Despite the massive growth of E-Com over the last two years, E-Com companies have taken a battering on the ASX.
MyDeal shares were $0.75 at the beginning of January and closed out on Tuesday at $0.60, a loss of 20% since the start of the year. The company released its Q2 FY22 Activities Report last week. A key focus of Q2 FY22 was the execution of MyDeal’s In-Stock strategy which saw Gross Sales growth of 204% year-on-year following the launch of Third Party Brands in Q1 FY22. In-Stock, which also includes private label, now accounts for 12% of gross sales.
“Gross Sales of $83.1 million for the quarter showed strong growth of 18.5% reflecting continued strength in both customer acquisition and retention, with Active Customer numbers reaching a record high of 963,882 and more than 60% of transactions coming from returning customers,” said MyDeal CEO Sean Senvirtne.
Negative cash of $6 million for the quarter primarily reflected the deployment of IPO funds (including investment in inventory and personnel).
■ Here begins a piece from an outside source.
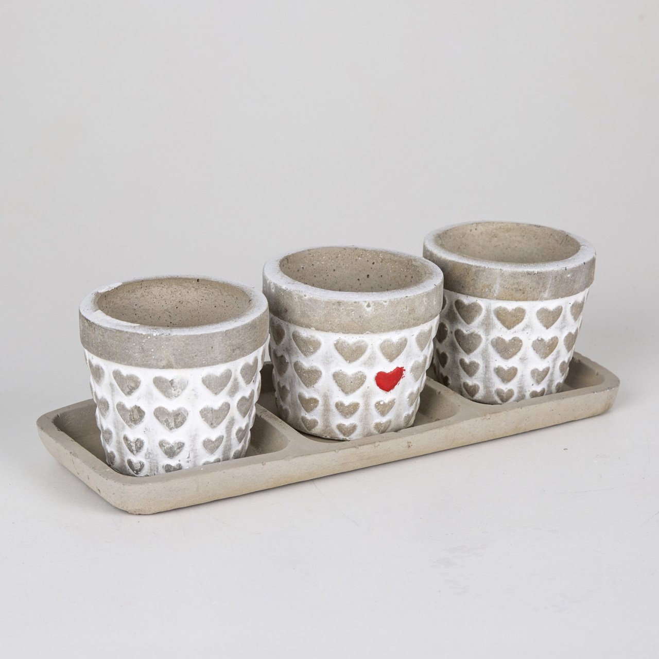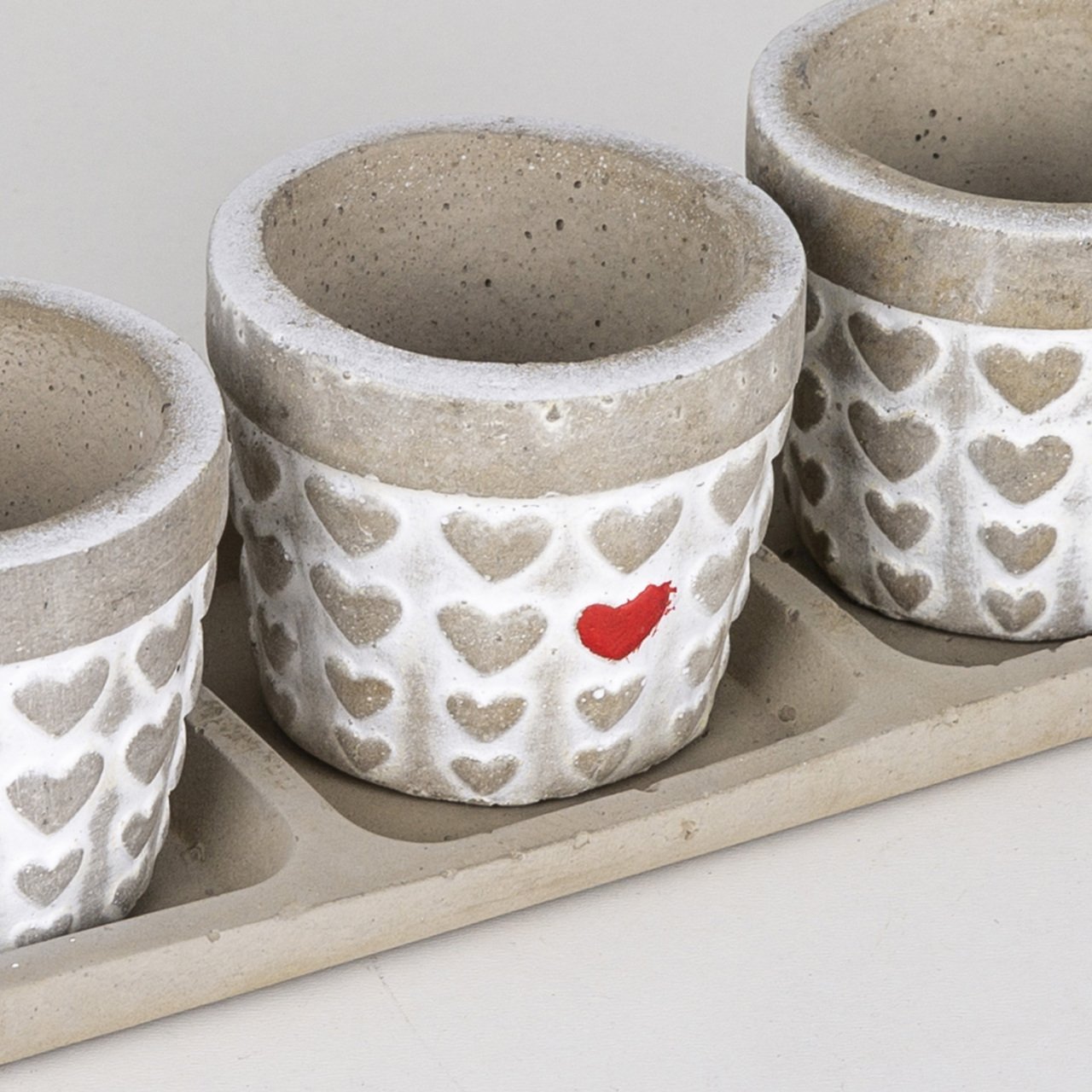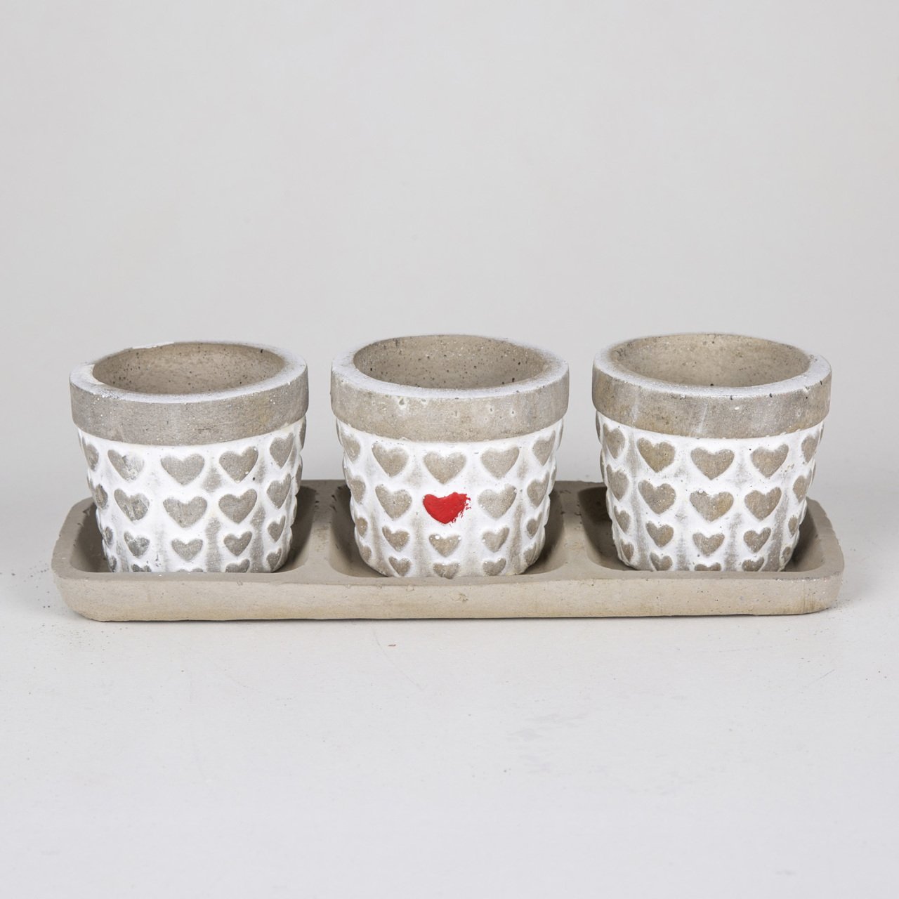 Veramaya Tabaklı Kalpli Beton Saksı Trio Set 24,5x7x9,5 Cm
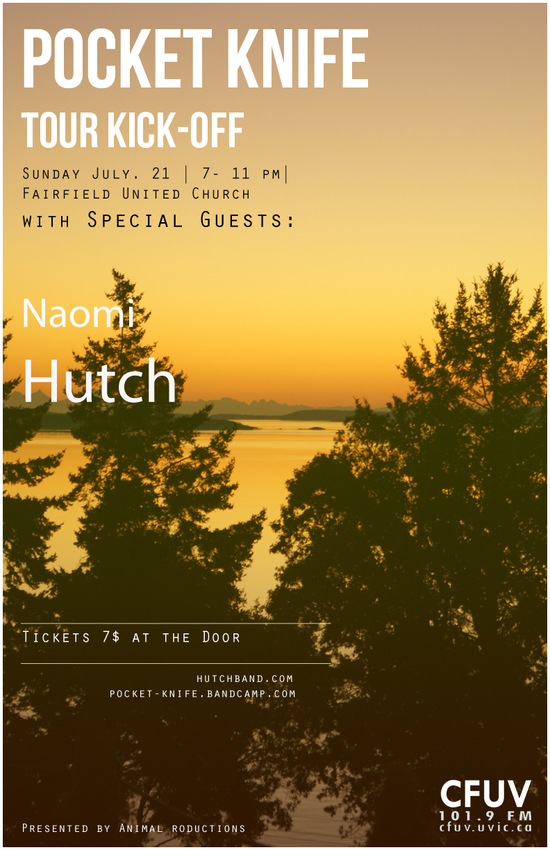 Pocket Knife Tour Kick-Off Show!: Pocket Knife, Hutch, Niaomi & Carol @ Fairfield United Church Jul 21 2013 - Mar 20th @ Fairfield United Church

MyDeal remains ‘well capitalised’ with $40.1 million cash at bank as at 31 December 2021. Despite Senvirtne flagging ‘strong growth ahead’, it appears the market is less than confident, with its dip in share price following the announcement.
Adore Beauty started off the month at $4.09. As we head to the end of January, it’s listed at $2.90, shedding almost 30% so far in 2022. It has yet to release its Q2 HY22 results, meaning the dip in share price is more to do with general unease rather than the company failing to meet investor expectations. Results will be announced mid-February. Will this lift its share price or will Adore continue a downward spiral?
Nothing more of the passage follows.